Meaning: C[i,j] is the cost of converting substring(source,i)
to substring(target,j).
The algorithm
C[0,0] = 0
C[i,0] = d + C[i-1,0] (for i>0)
C[0,j] = a + C[0,j-1] (for j>0)
C[i,j] = if (s[i] == t[j]) then
min(d+C[i-1,j], C[i-1,j-1], a+C[i,j-1])
else
min(d+C[i-1,j], r+C[i-1,j-1], a+C[i,j-1])
source
C "" s1 s2 s3 s4 ...
+--+--+--+--+--+--
t ""| 0| d|2d|3d|4d| ...
a +--+--+--+--+--+--
r t1| a| | | | | ...
g +--+--+--+--+--+--
e t2|2a| | | | | ...
t . . . . .
Note that we could also make a, d, and r functions of the
position and character.
Approximate substring matching: Additional issues
Variant one
How would you update the algorithm to accommodate *substring* matching
rather than whole string matching? (E.g., to figure out the best place
to align "habit" in "alphabetical"?)
A brute force strategy
- Build the table for source vs “”
- Build the table for source vs t[1]
- Build the table for source vs t[1..2]
- Build the table for source vs t[1..3]
- …
- Build the table for source vs t[1..m]
- Build the table for source vs t[2]
- Build the table for source vs t[2..3]
- Build the table for source vs t[2..4]
- …
- Build the table for source vs t[2..m]
- Build the table for source vs t[3]
- …
This should work, in that it looks at every possible solution, but it’s really inefficient.
A better solution
- Column 0 is all 0’s. Represents “we don’t care about leading characters”
- Minimize across the last column to find the cost of the best match.
Variant two
The whole string matching problem only gives us a cost. How do
we update the algorithm so that each cell includes both cost and
steps to achieve that cost? S[i,j] are the steps to achieve
C[i,j].
C[0,0] = 0
S[0,0] = <>
C[i,0] = d + C[i-1,0] (for i>0)
S[i,0] = S[i-1,0] ++ <D.i>
C[0,j] = a + C[0,j-1] (for j>0)
S[0,j] = S[0, j-1] ++ <A.j>
C[i,j] = if (s[i] == t[j]) then
min(d+C[i-1,j], C[i-1,j-1], a+C[i,j-1])
else
min(d+C[i-1,j], r+C[i-1,j-1], a+C[i,j-1])
S[i,j] = if (C[i,j] == d+C[i-1,j])
S[i-1,j] ++ <D.i>
...
Exact substring matching
Approximate matching is hard. Best algorithm is O(mn). Exact substring matching is easier.

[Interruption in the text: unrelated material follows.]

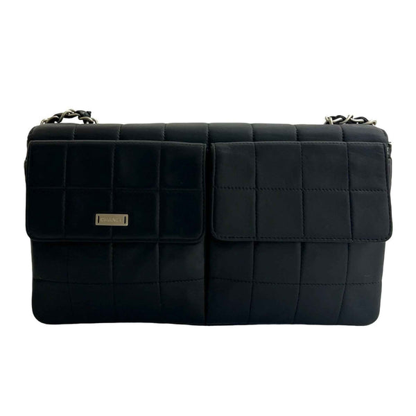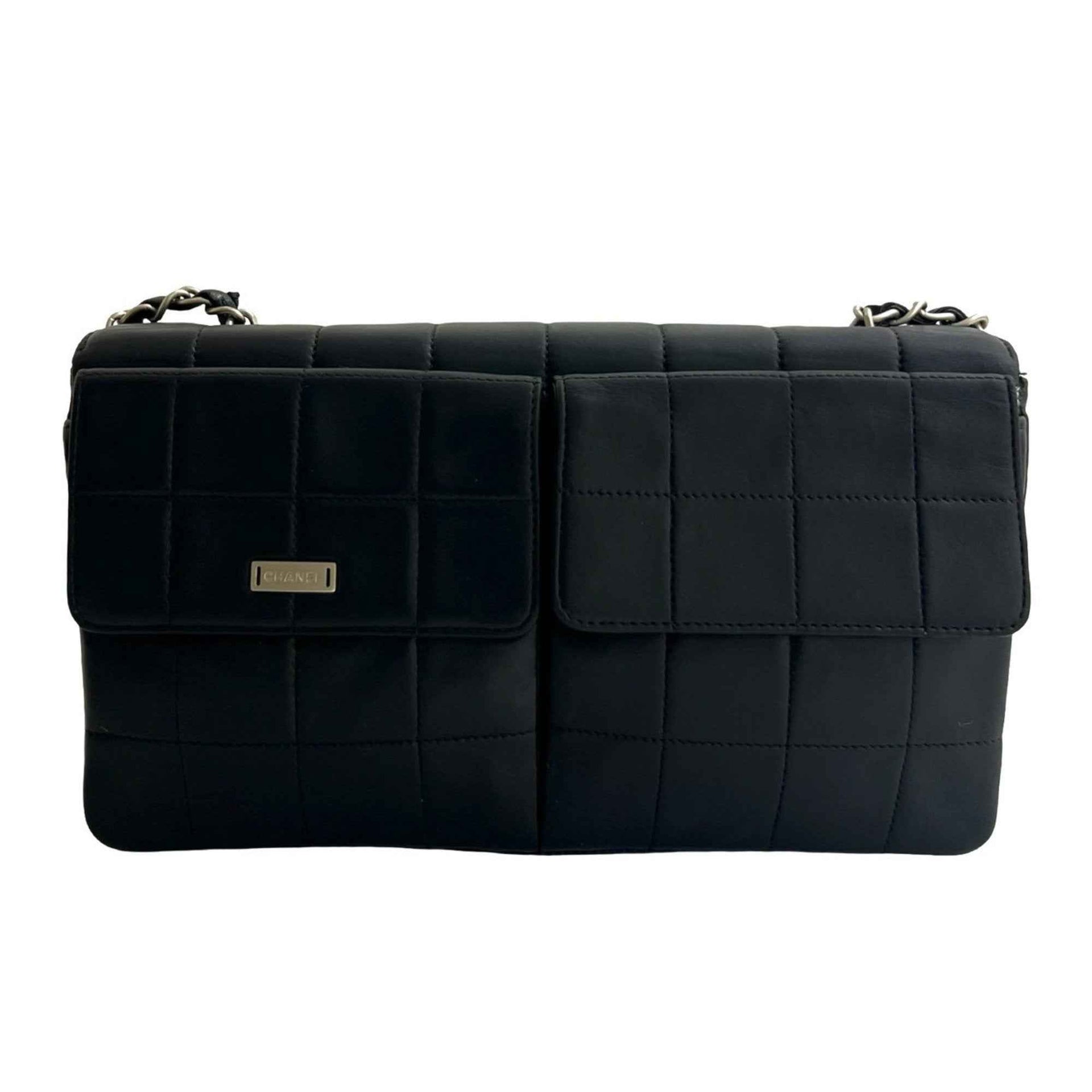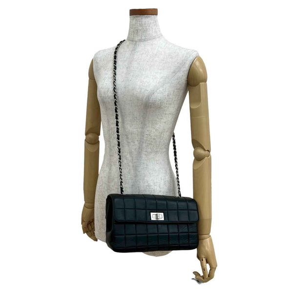 CHANEL Chocobar 2.55 Lambskin Leather Chain Shoulder Bag, Black, 13294

- Find the first instance of source in target.
- Find all instances of source in target.
- Find any instance of source in target.
The brute-force approach
for (s = 0; s < length(target) - length(source), s++)
{
for (i = 0; i < length(source) && target[s+i] == source[i]; i++)
;
if (i == length(source)
return s;
} // for s
return -1; // Not found
What is the asymptotic upper bound on the algorithm and what is an input that reaches that upper bound?
Worst case O(mn).
- source:
habit - target:
habihabihabihabihabihabihabihabihabihabihabihabihabihabihabihabihabihabihabihabihabihabihabihabit.
A worse one
- source:
hhhhhhhhhhi - target:
hhhhhhhhhhhhhhhhhhhhhhhhhhhhhhhhhhhhhhhhhhhhhhhhhhhhhhhhhhhhhhhhhhhhhhhhhhhhhhhhhhhhhhhhhhhhhhhhhhhhi
Our question for next class: Can we do better than O(mn) and, if so, how?
Review: The hash-code approach
This doesn’t solve our problem in general, although it does in most cases.